Each module is independently deployable with ./deploy.sh <module> <cloud>. Click through to the workflow deep-dives for inputs, outputs, models, and example runs.

Single Cell

Single-cell RNA-seq at scale. Run end-to-end pipelines on millions of cells with Scanpy or GPU-accelerated rapids-singlecell (part of scverse). Annotate cell types per cluster against SCimilarity's 23M-cell reference database, search published studies for similar cells, and predict the effect of gene knockouts or overexpression with scGPT. The interactive results viewer offers UMAP exploration, differential expression, pathway enrichment, and trajectory analysis on the same run.

Models bundled: scGPT, SCimilarity, Scanpy, rapids-singlecell (part of scverse), Merck TEDDY-G 400M (joint cell-type + disease annotation)

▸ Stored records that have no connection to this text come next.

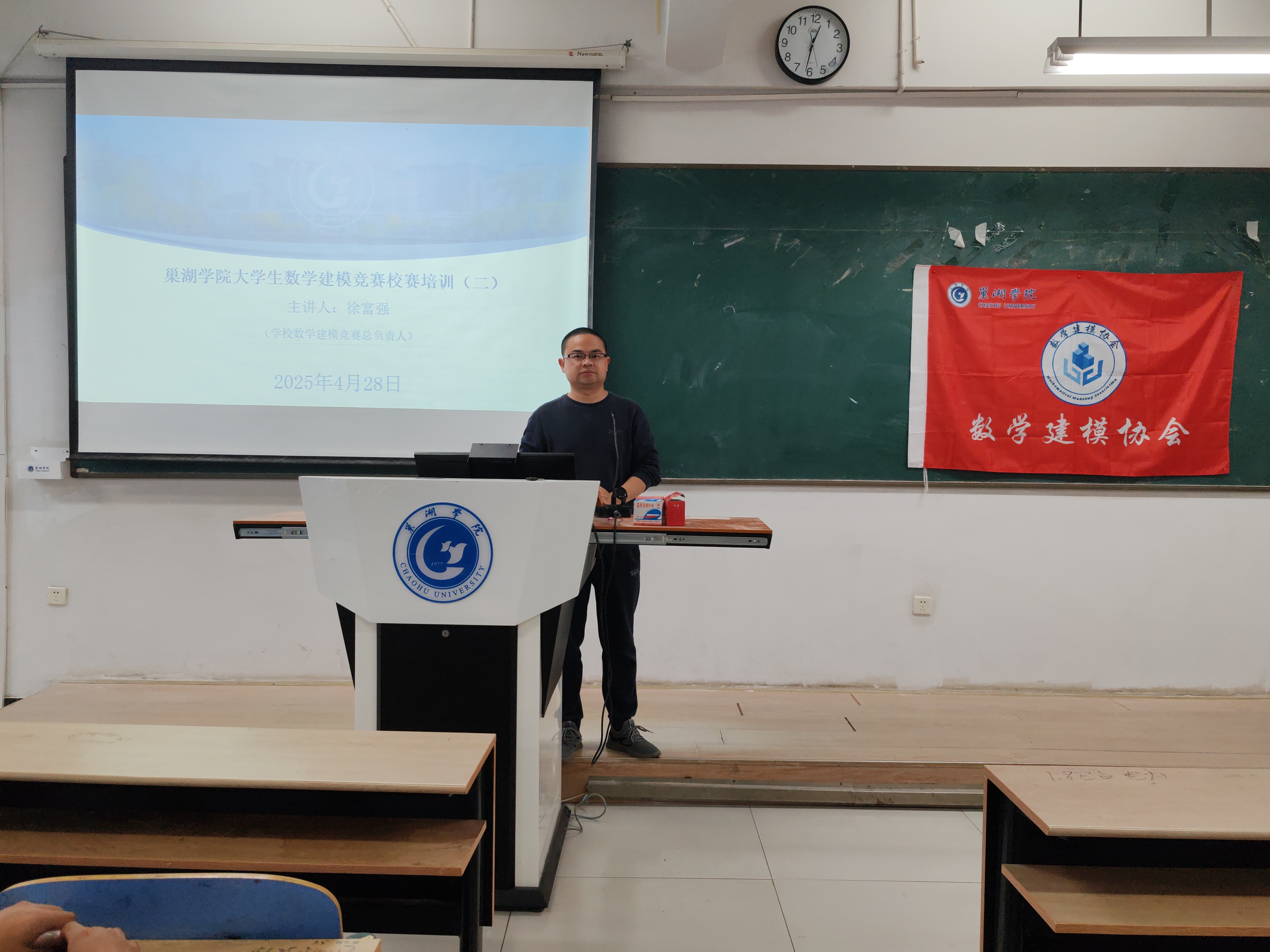 数学建模的征途是一场思维的马拉松,每一次训练都是为冲刺终点积蓄力量。全力冲刺2025年全国大学生数学建模竞赛,数学建模协会于2025年4月28日在慎思楼中201顺利召开校赛第二次培训会。本次培训由指导教师徐富强主持,高年级优秀获奖同学陈婧、毛梓林、秦家怡作为代表分享竞赛经验。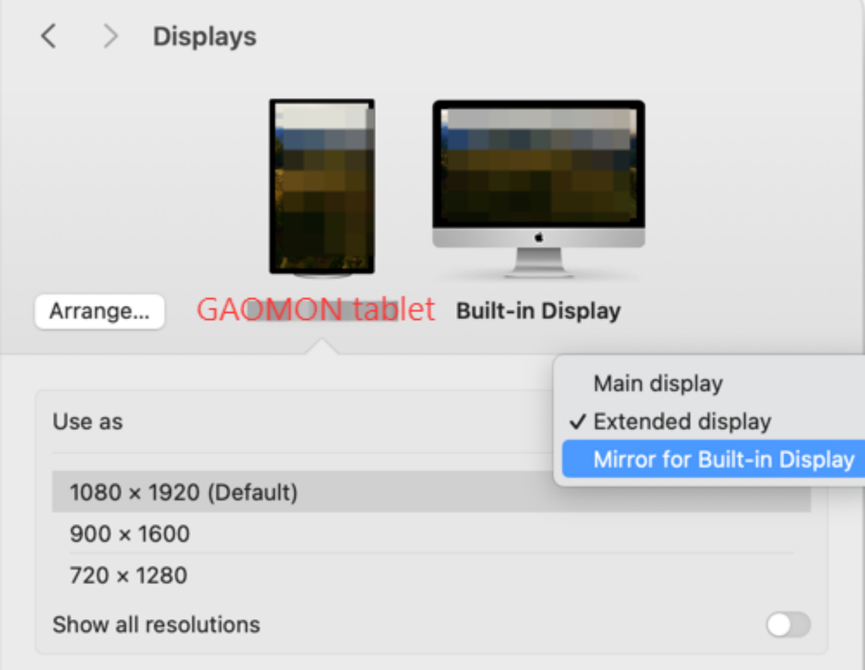 - For Mac: Go to "System Preferences," select "Displays," click on "Arrangement," select the GAOMON tablet, right-click it, and choose "Mirror for Built-in Display."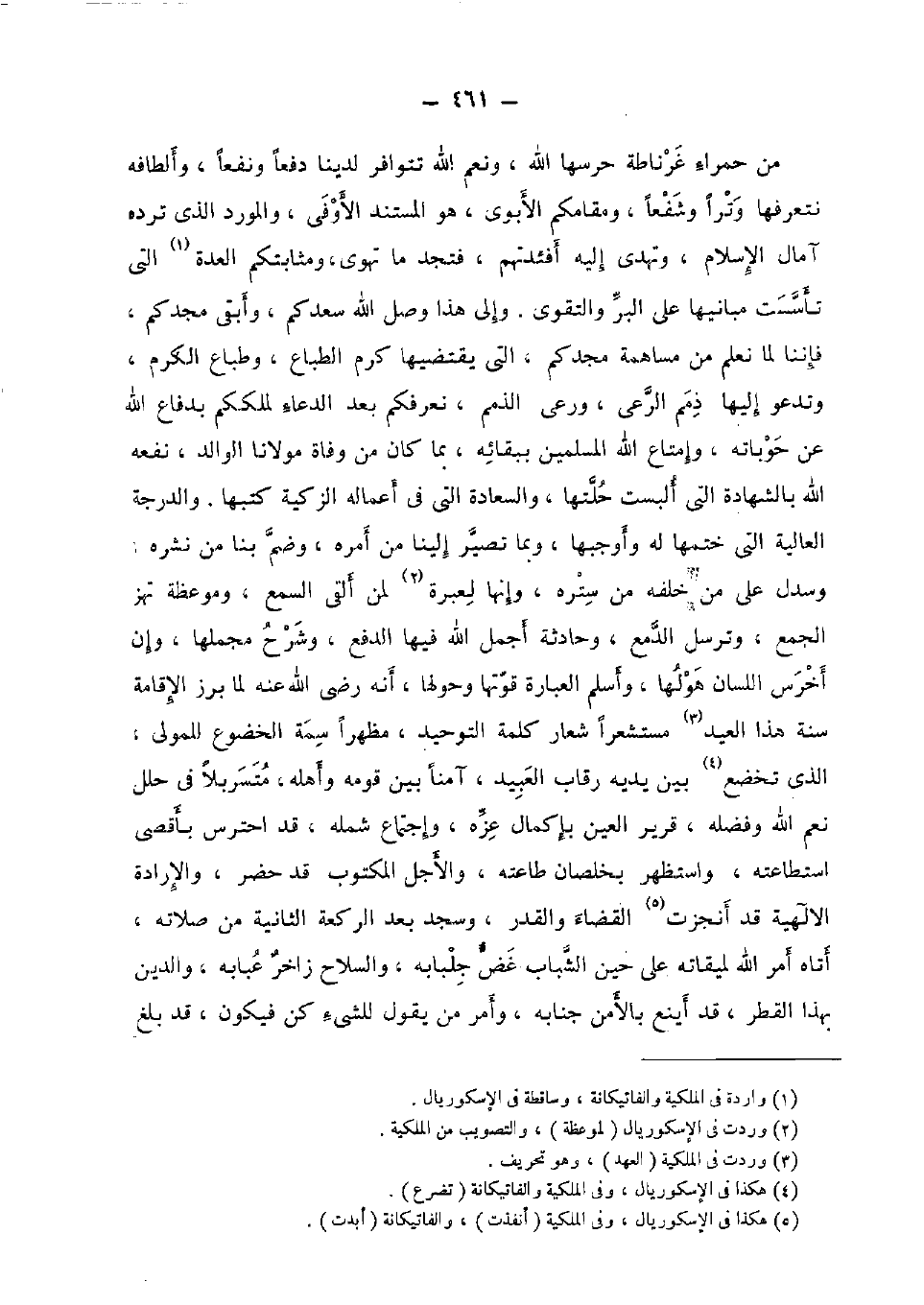 من حَمْرَاء غرناطة حرسها الله، وَنعم الله تتوافر لدينا دفعا ونفعا، وألطافه نتعرفها وترا وشفعا، ومقامكم الابوى، هُوَ الْمُسْتَند الأوفى، والمورد الَّذِي ترده آمال الْإِسْلَام، وتهدي إِلَيْهِ أفئدتهم، فتجد مَا تهوى، ومثابتكم الْعدة الَّتِي تأسست مبانيها على الْبر وَالتَّقوى. وَإِلَى هَذَا وصل الله سعدكم، وَأبقى مجدكم، فإننا لما نعلم من مساهمة مجدكم، الَّتِي يقتضيها كرم الطباع، وطباع الْكَرم، وَتَدْعُو إِلَيْهَا ذمم الرَّاعِي، ورعي الذمم، نعرفكم بعد الدُّعَاء لملككم بدفاع الله عَن حوباته، وإمتاع الله الْمُسلمين بِبَقَائِهِ، بِمَا كَانَ من وَفَاة مَوْلَانَا الْوَالِد، نَفعه الله بِالشَّهَادَةِ الَّتِي ألبست حلتها، والسعادة الَّتِي فِي أَعماله الزكية كتبهَا. والدرجة الْعَالِيَة الَّتِي خَتمهَا لَهُ وأوجبها، وَبِمَا تصير إِلَيْنَا من أمره، وَضم بِنَا من نشره وسدل على من خَلفه من ستره، وَإِنَّهَا لعبرة لمن ألْقى السّمع، وموعظة تهز الْجمع، وَترسل الدمع، وحادثة أجمل الله فِيهَا الدّفع، وَشرح مجملها، وَإِن أخرس اللِّسَان هولها، وَأسلم الْعبارَة قوتها وحولها، أَنه رَضِي الله عَنهُ لما برز الْإِقَامَة سنة هَذَا الْعِيد مستشعرا شعار كلمة التَّوْحِيد، مظْهرا سمة الخضوع للْمولى، الَّذِي تخضع بَين يَدَيْهِ رِقَاب العبيد، آمنا بَين قومه وَأَهله، متسربلا فِي حلل نعم الله وفضله، قرير الْعين بإكمال عزه، واجتماع شَمله، قد احترس بأقصى استطاعته، وَاسْتظْهر بخلصان طَاعَته، وَالْأَجَل الْمَكْتُوب قد حضر، والإرادة الإلهية قد أنجزت الْقَضَاء وَالْقدر، وَسجد بعد الرَّكْعَة الثَّانِيَة من صلَاته، أَتَاهُ أَمر الله لميقاته على حِين الشَّبَاب غض جلبابه، وَالسِّلَاح زاخر عبابه، وَالدّين بِهَذَا الْقطر، قد أينع بالأمن جنابه، وَأمر من يَقُول للشَّيْء كن فَيكون، قد بلغ

📖 Single Cell Analysis · Cell Type Annotation · Cell Similarity Search · Gene Perturbation Prediction

Large Molecule

Protein structure prediction, design, and engineering. Fold proteins in seconds with ESMFold or at high accuracy with AlphaFold2; design novel backbones with RFDiffusion + ProteinMPNN; redesign sequences for a fixed backbone (inverse folding) with ProteinMPNN and validate each design by re-folding with ESMFold; run BLAST-like searches across 150M+ sequences using ESM-2 embeddings. The Guided Enzyme Optimization workflow chains Proteina-Complexa, ProteinMPNN, ESMFold, Boltz, NetSolP, PLTNUM, DeepSTABp, and MHCflurry into a reward-weighted scaffold-and-score loop that surfaces variants ranked on motif fidelity, fold confidence, optional substrate complex, and four developability axes (solubility, anchor-relative half-life, melting temperature, immunogenic burden).

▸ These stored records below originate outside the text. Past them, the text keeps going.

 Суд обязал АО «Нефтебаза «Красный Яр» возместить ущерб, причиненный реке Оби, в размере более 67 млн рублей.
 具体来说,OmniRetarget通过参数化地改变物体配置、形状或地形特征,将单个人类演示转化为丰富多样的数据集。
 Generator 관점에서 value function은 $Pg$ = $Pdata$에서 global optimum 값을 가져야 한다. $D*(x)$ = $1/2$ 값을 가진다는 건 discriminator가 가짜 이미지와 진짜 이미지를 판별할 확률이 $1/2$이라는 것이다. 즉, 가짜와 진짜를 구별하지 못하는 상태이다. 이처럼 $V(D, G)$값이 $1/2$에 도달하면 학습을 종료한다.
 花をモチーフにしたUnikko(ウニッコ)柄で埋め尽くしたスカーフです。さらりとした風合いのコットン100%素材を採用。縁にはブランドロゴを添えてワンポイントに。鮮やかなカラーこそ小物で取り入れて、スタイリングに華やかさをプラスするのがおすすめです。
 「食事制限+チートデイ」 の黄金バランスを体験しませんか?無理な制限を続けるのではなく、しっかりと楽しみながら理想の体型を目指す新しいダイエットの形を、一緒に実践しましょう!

Models bundled: ESMFold, ESM-2 Embeddings, AlphaFold2, ProteinMPNN, RFDiffusion, Boltz

📖 Protein Structure Prediction · Protein Design · Inverse Folding · Sequence Similarity Search · Guided Enzyme Optimization

Small Molecule

Drug-discovery essentials. Generate novel candidate molecules from a seed scaffold or binding motif with GenMol in a hard-constraint generate→score→reseed loop (Guided Molecule Design), profile candidates for drug-like properties and toxicity with ChemProp, predict protein-ligand binding poses with DiffDock, design protein binders to a target protein or small molecule with Proteina-Complexa, and transplant functional motifs into new scaffolds. Each generated candidate can be scored on developability through NetSolP (solubility), PLTNUM-ESM2 (relative half-life), DeepSTABp (melting temperature), and MHCflurry (immunogenic burden).

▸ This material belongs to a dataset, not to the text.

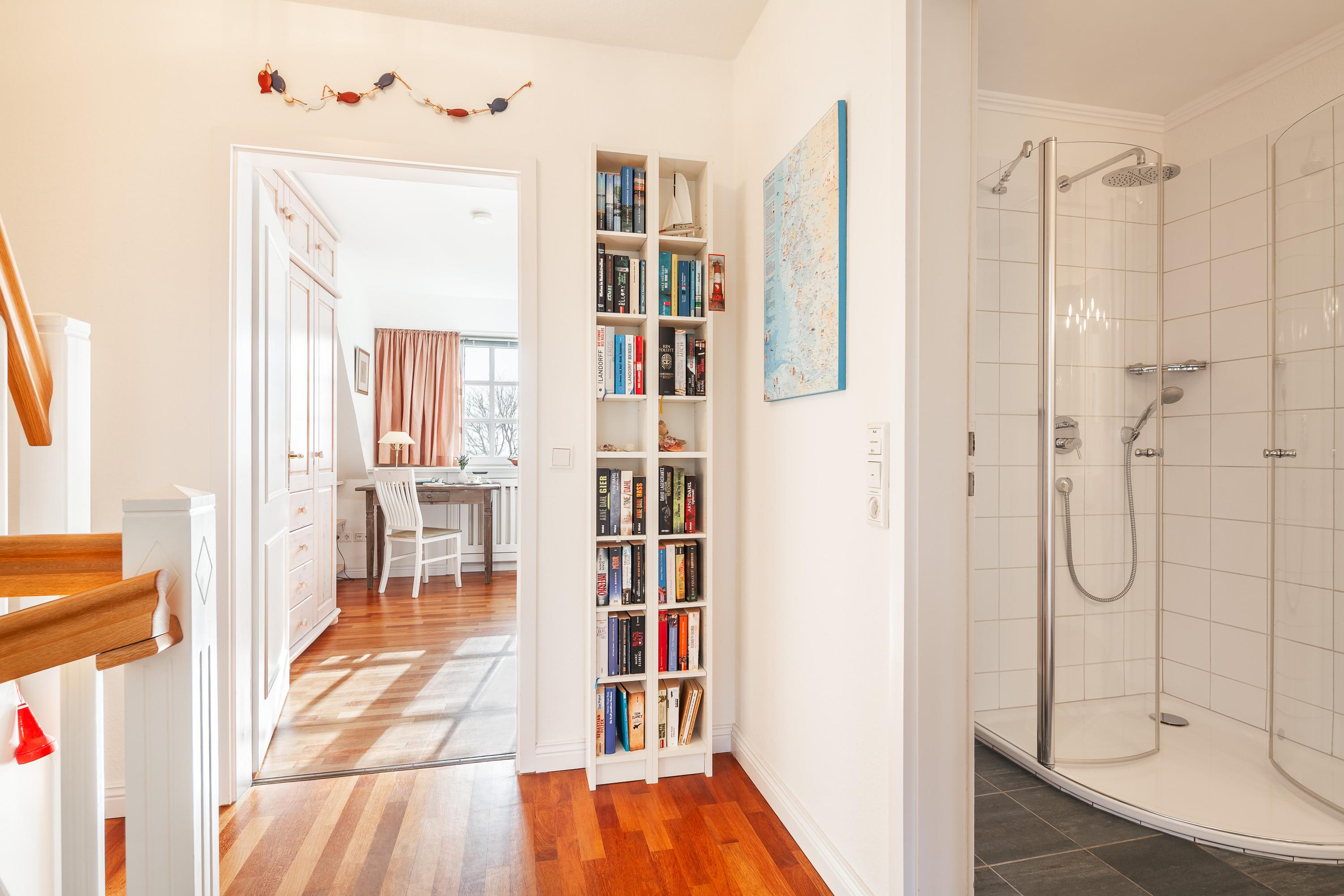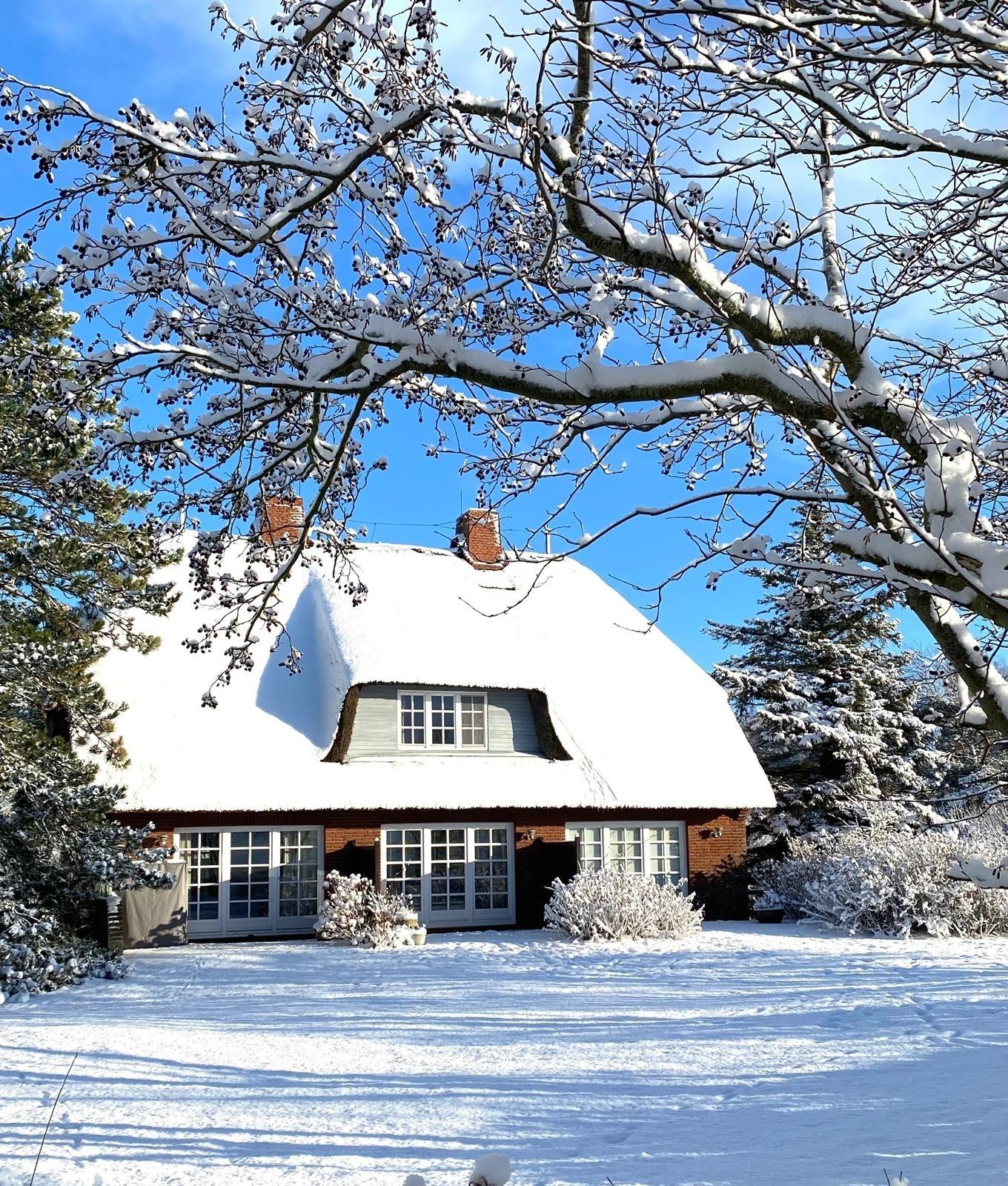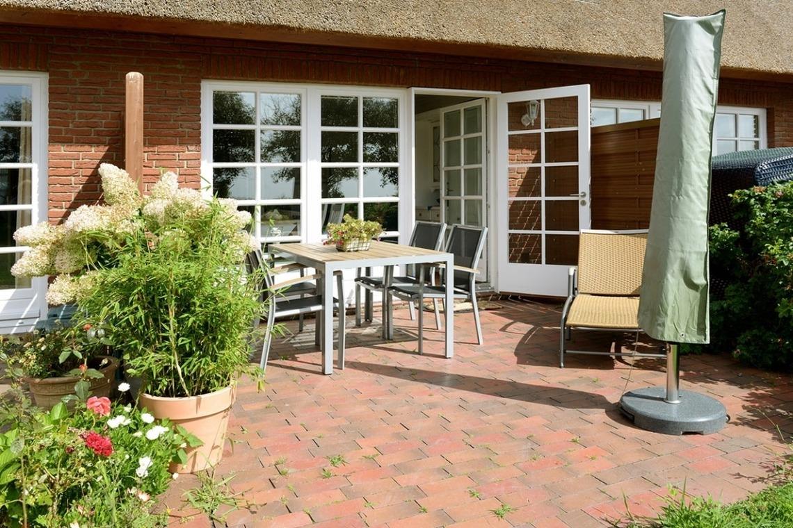Der Keller des Hauses bietet reichlich Abstellmöglichkeiten. Außerdem steht hier den Gästen eine Waschmaschine[nbsp] zur Verfügung. Vom Esstisch über die Südterrasse können Sie direkt in den weitläufigen Garten blicken und weiter über die Godelniederung bis zum Meer und nach Amrum.

Models bundled: GenMol, ChemProp, DiffDock, Proteina-Complexa, NetSolP-1.0, PLTNUM-ESM2, DeepSTABp, MHCflurry 2.x

📖 Guided Molecule Design · Molecular Docking · Protein Binder Design · Ligand Binder Design · Motif Scaffolding · ADMET & Safety

Genomics

Variant analysis at population scale. Call germline variants from FASTQ files with GPU-accelerated NVIDIA Parabricks, ingest VCFs into Delta tables for fast SQL/Spark queries, run genome-wide association studies (GWAS) using Glow, and annotate variants with ClinVar clinical-significance data. Inline interactive charts in the UI break down findings by gene, ACMG category, clinical significance, and zygosity.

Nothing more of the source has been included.